_DATASET SECTION:_
◆ ◆ ◆ ◆
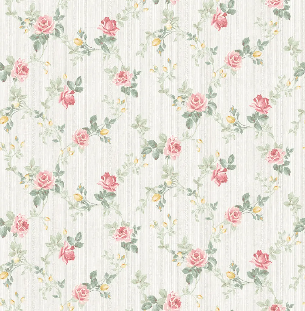Classic feminine rose trail wallcovering with delicate stripe background. Perfect for a Traditional and Feminine setting found in a Dining Room, Sitting Room, Hallway, or paired with wainscoting. Iridescent and Raised Ink details adding shine and texture to paper. From the Spring Garden Collection: Fresh florals and soft colors come together to create a bright and clean look that emphasizes a new contemporary cottage style. Offering a variety of large distinct florals, small print coordinates, floral trails, classic stripes, and cameos give this collection a unique style to brighten any interior. With colors ranging from soft neutrals to pleasing pastels, the designs and color palette harmonize together to create a look of modern sophistication unlike and other floral collection on the market. Pair this collection's stunning wallpapers with light transitional furniture and plenty of floral arrangements. **Second image is a style shot in a different colorway** Material: Heavyweight Paper Features: Unpasted - Washable - Wet Removable Match Type: Straight Pattern Repeat: 10.4" Roll Dimensions: Sold as in a minimum of 2 single rolls, which are physically packaged and delivered as 1 double roll covering approximately 56 square feet (20.5 inches wide x 33 feet long) of wall area. Please note: Burke Decor does not accept wallpaper returns at this time. Why? Wallpaper is produced in batches (similar to tile) and due to dye-lot variations that occur based on when the rolls are produced, we are unable to accept returns. We accept and offer free shipping on all wallpaper exchanges for all wallpaper that has remained unopened.
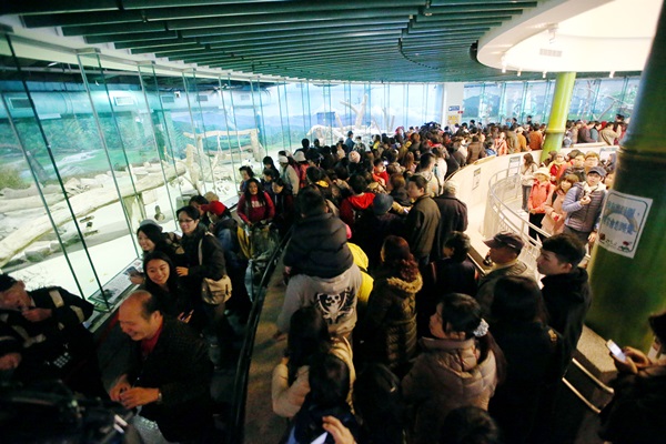 动物园门口清晨5、6时就出现抢看“圆仔”的头香客,每个人都是全副武装,包得紧紧就为了看“圆仔”。截至动物园9时开园前,排队人龙已经延伸至捷运动物园站,约有500、600人。
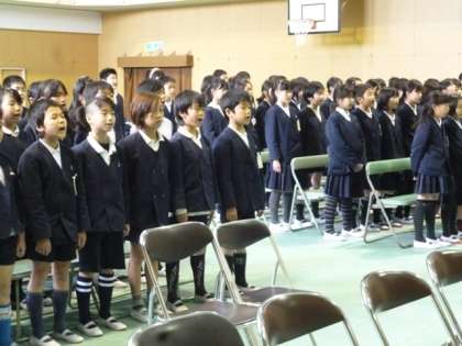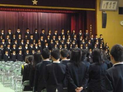 今日の3・4限は5・6年生合同で卒業式の通し練習。
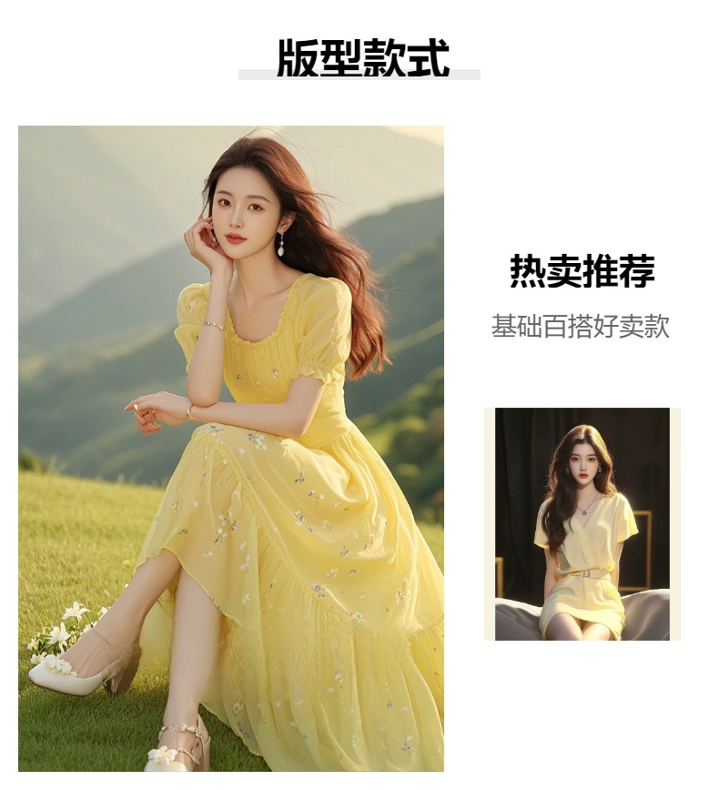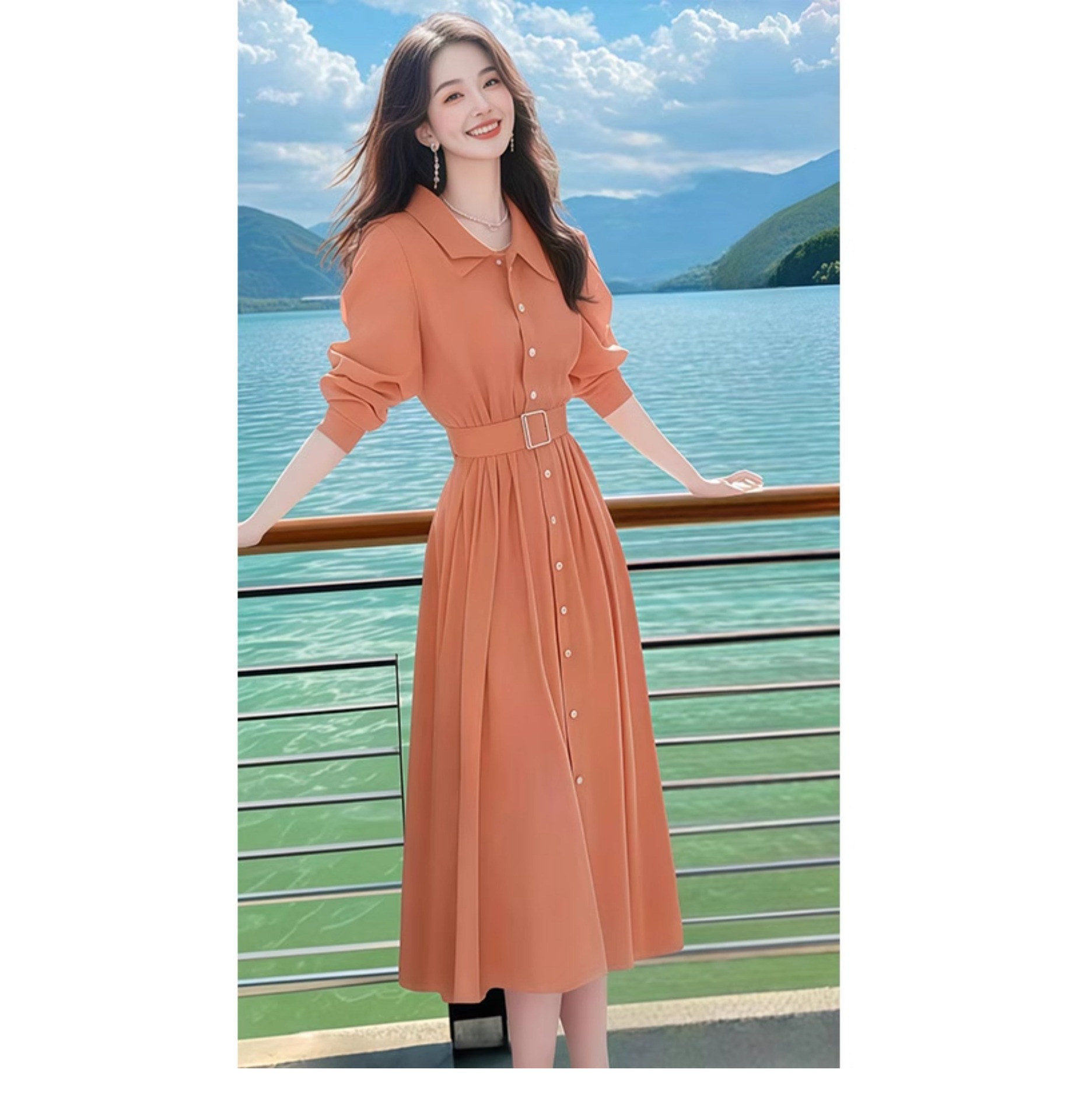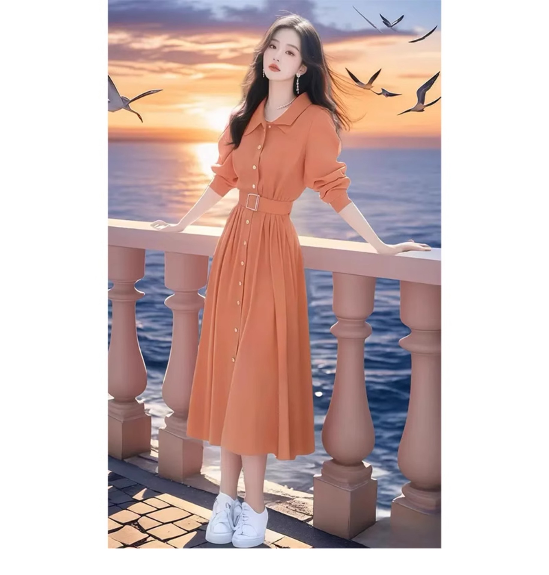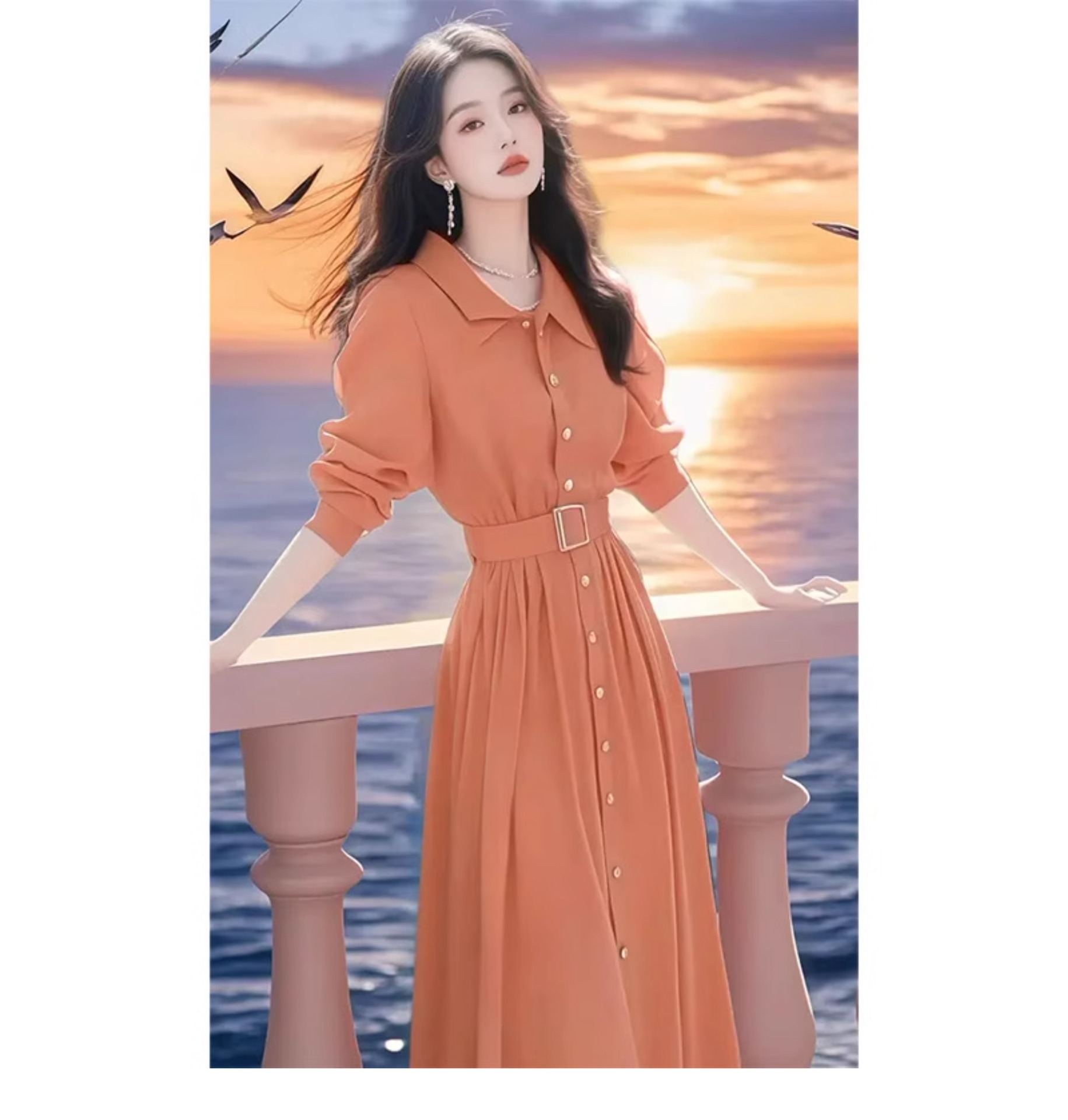 봄 프랑스 독특한 아름다운 기질 여신 팬 원피스 높은 감각 위엄있는 분위기 부드러운 바람 오렌지 원피스스토어 가기
◆ ◆ ◆ ◆
_WORK TO COMPLETE:_ Write out exactly the lines from the line containing "动物园门口清晨5、6时就出现" through the last line of the listing above, please, and leave out any pictures.

_RESULT FOR THIS TASK:_
 动物园门口清晨5、6时就出现抢看“圆仔”的头香客,每个人都是全副武装,包得紧紧就为了看“圆仔”。截至动物园9时开园前,排队人龙已经延伸至捷运动物园站,约有500、600人。
 今日の3・4限は5・6年生合同で卒業式の通し練習。
 봄 프랑스 독특한 아름다운 기질 여신 팬 원피스 높은 감각 위엄있는 분위기 부드러운 바람 오렌지 원피스스토어 가기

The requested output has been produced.